Radio ślązak czy możliwa jest podmiana zepsutego transformatora TS 6/10 na TS 15/18
- Zaloguj Zarejestruj się by odpowiadać
Zastanawiam się czy opłaca mi się ładować w niego kasę połatane ścieżki popękana płyta główna brak obudowy jedynie front jest w średnim/dobrym stanie (nie ja go tak urządziłem mam go z drugiej ręki chciałem odratować ale jak trafo nie sprawne to na olx za 20 zł + przesyłka mam kompletne radio do przestrojenia )
Naprawa urządzenia które możesz kupić za 20zł, jest nie opłacalna.
Jedynie dla samej satysfakcji, że naprawiłeś, można zainwestować drobną kwotę w granicach możliwości. Nauka kosztuje. ;)
Posiadasz transformator, to dokupienie kilku elementów, 4 diody, kilka kondensatorów, w pobliskim sklepie wyniesie do 4zł. Możliwe, że masz w swoich zapasach takie części.
Po uruchomieniu zasilania może się okazać, że pierwszy transformator uszkodziła awaria dalszej części odbiornika i tu kolejne wyzwanie.
Rozważ, czy Ci się chce dłubać przy tym i coś się dowiedzieć, czy odstawić na półkę między przydasie.
PS. A właściwie to co stało się z transformatorem, był spalony, czy uszkodzony mechanicznie?
Jakby tak to miało działać, to zamiast naprawiać można byłoby polecić zakup sprawnego egzemplarza - cokolwiek by to nie było. Jeśli ktoś jest pasjonatem, nie przelicza tego na pieniądze. Przykładowo: mam szufladę, w której skończyła się głowica, idlery też już są do wymiany. Komplet (wraz z rolką dociskającą) kosztuje 100zł (u Kroposa były po 12zł ale już 12mm mu wyszły), głowica też nie jest tania bo z 70zł (ALPS). Czy mam to wyrzucić na śmietnik i kupić sobie inną szufladę, która jeszcze działa? Nie tędy droga bo elektrośmieci mamy nadmiar. Tego już więcej nie będzie, więc uważam, że trzeba ratować każdy egzemplarz który się da. Ja nie zawahałbym się nawet kupić nowego transformatora od Indela, a ten kosztuje więcej niż używka. No ale jest Indel, nikt nie kupi bo drogo. Indel padnie, będzie płacz bo skąd wziąć ten konkretny transformator.
Nie mniej, posiadam co potrzebne, mogę poratować, autor posta może się zgłosić na priv.

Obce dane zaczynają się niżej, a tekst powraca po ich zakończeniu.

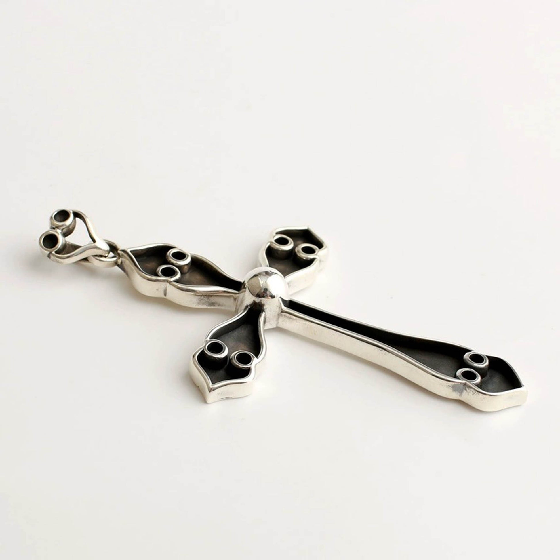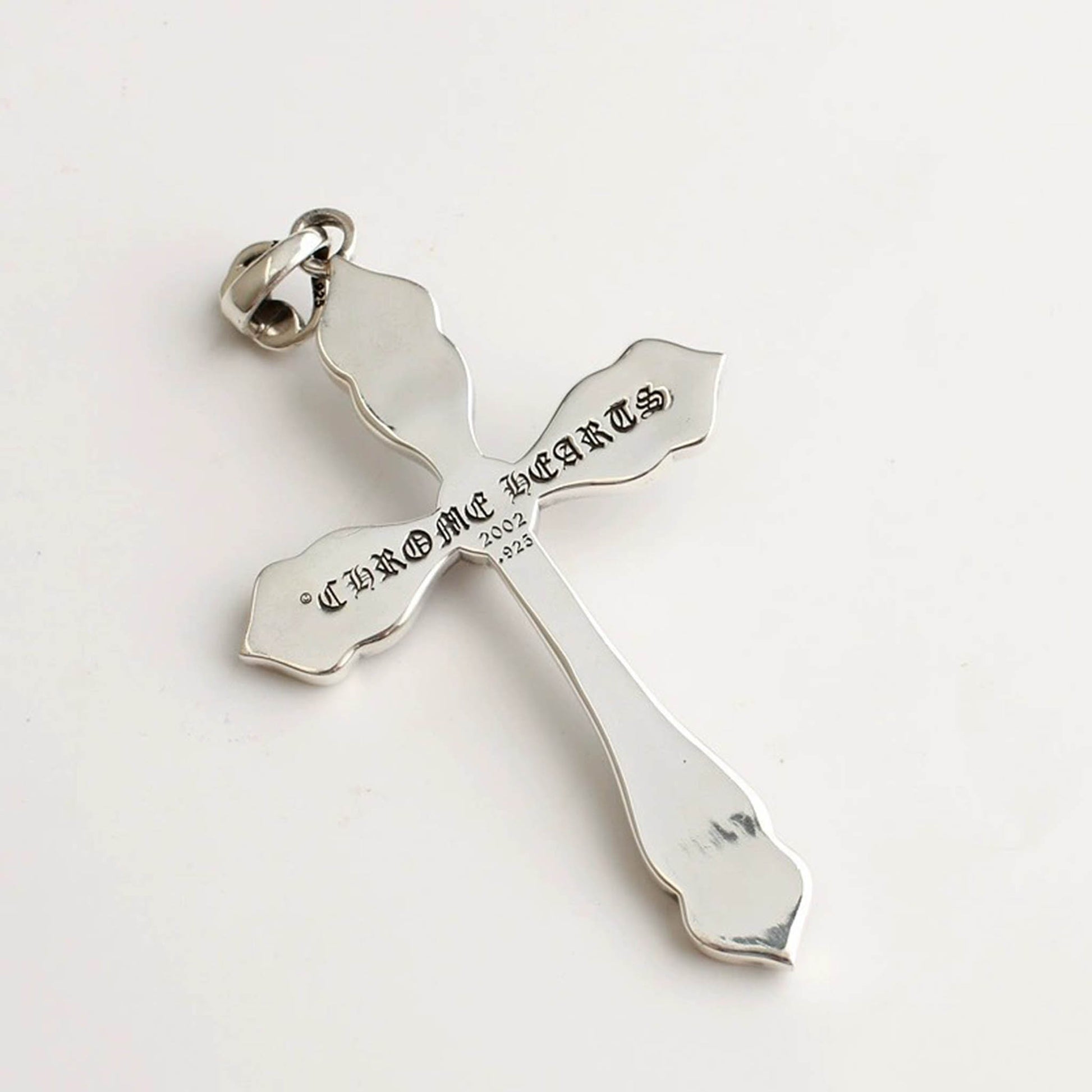 Chrome Hearts Large Flower-shaped Cross Necklace Pendant, Sterling Silver Statement Gothic Cross Charm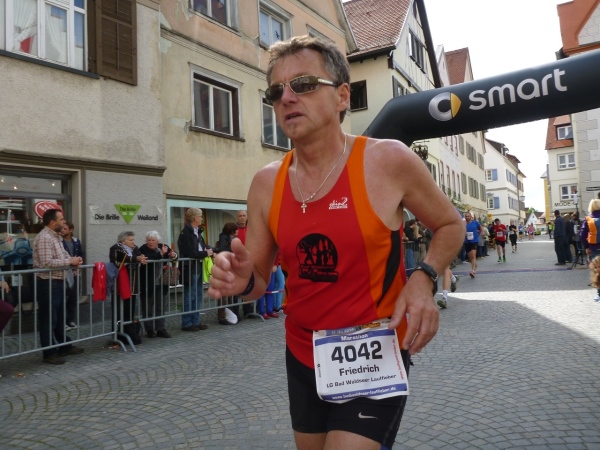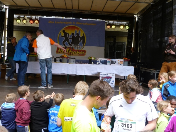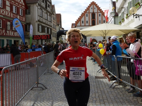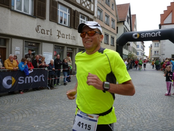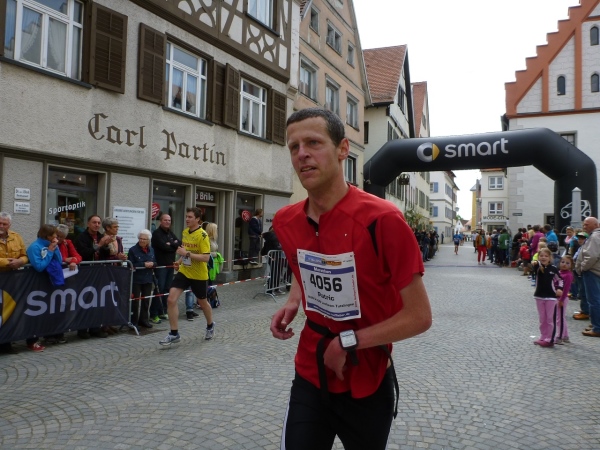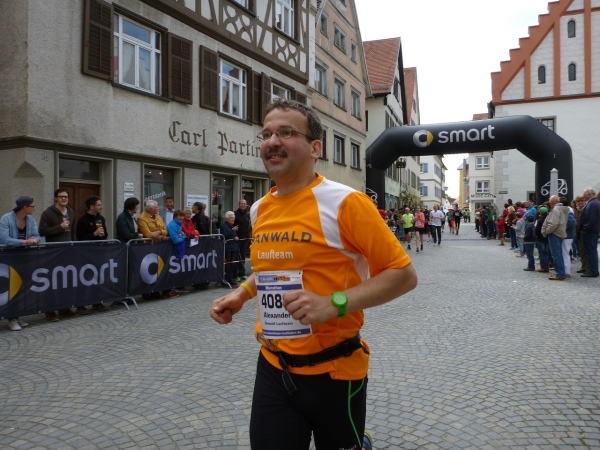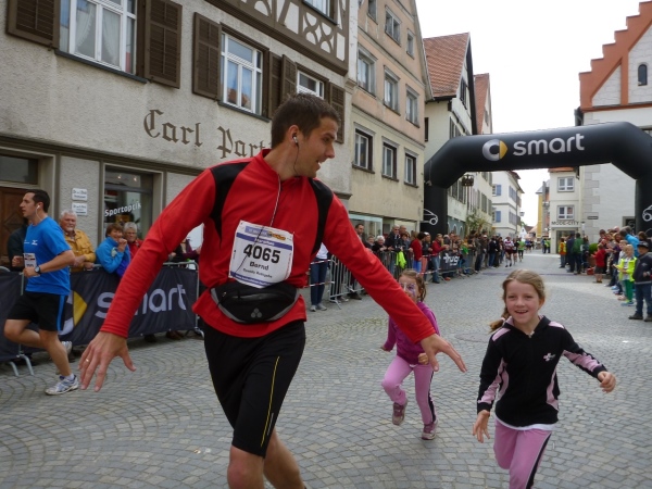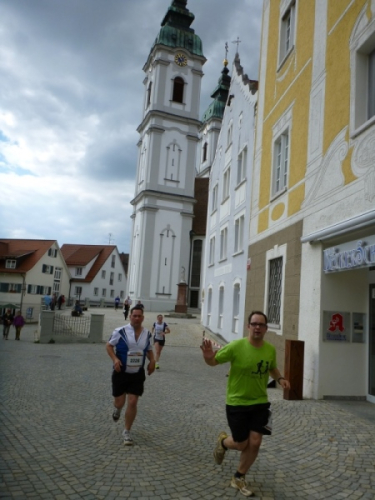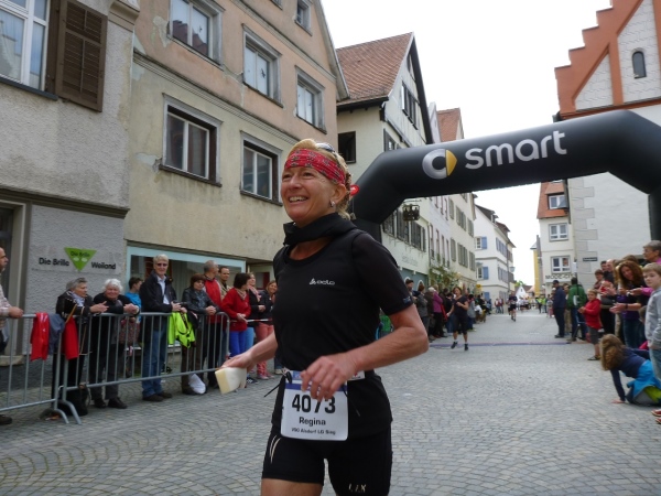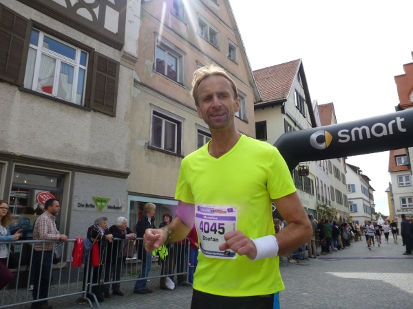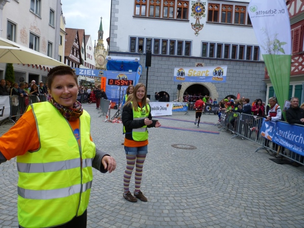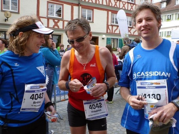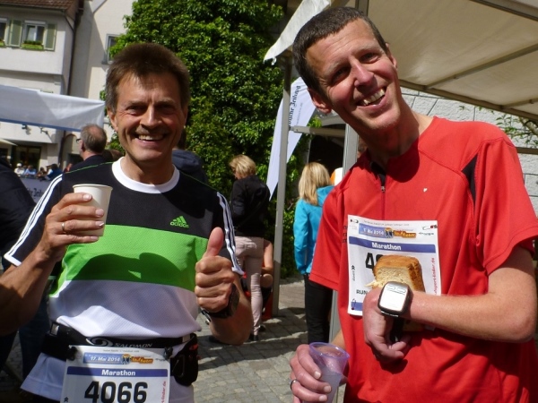 Bei der letzten Tankstelle brauche ich nur eine Handbewegung machen und schon wird uns das flüssige Hopfengold serviert. Wir bedanken uns für die Gabe und gehen die letzten drei Kilometer an. Zwar wirkt der Alkohol kurzfristig in Hirn und Bein, doch nach der Schleife um das Stadtschloss hören wir schon den Moderator am Rathaus. Glücklich laufen wir Seite an Seite unter dem Zielbanner durch. Zwar haben wir die vier Stunden nicht mehr unterbieten können, dafür sind wir aber restlos infiziert vom Bad Waldsee Lauffieber.

Zastanawiam się czy opłaca mi się ładować w niego kasę połatane ścieżki popękana płyta główna brak obudowy jedynie front jest w średnim/dobrym stanie (nie ja go tak urządziłem mam go z drugiej ręki chciałem odratować ale jak trafo nie sprawne to na olx za 20 zł + przesyłka mam kompletne radio do przestrojenia )
Też łatałem nie raz zmasakrowane płytki. Skoro są połatane i wszystko działa, można się tym nie przejmować. Isostaty też wymieniałem, a wydłubać to jest sztuką. Ja bym robił, jeśli jest to możliwe.
Zobaczę, może mam taki transformator jaki jest potrzebny.
Mam, wysłałem priv.
W kwestii żarówek: tam były na 6V 300mA E 10. Tylko takie Diora stosowała.
Nie masz cwaniaka nad Unitromaniaka!!!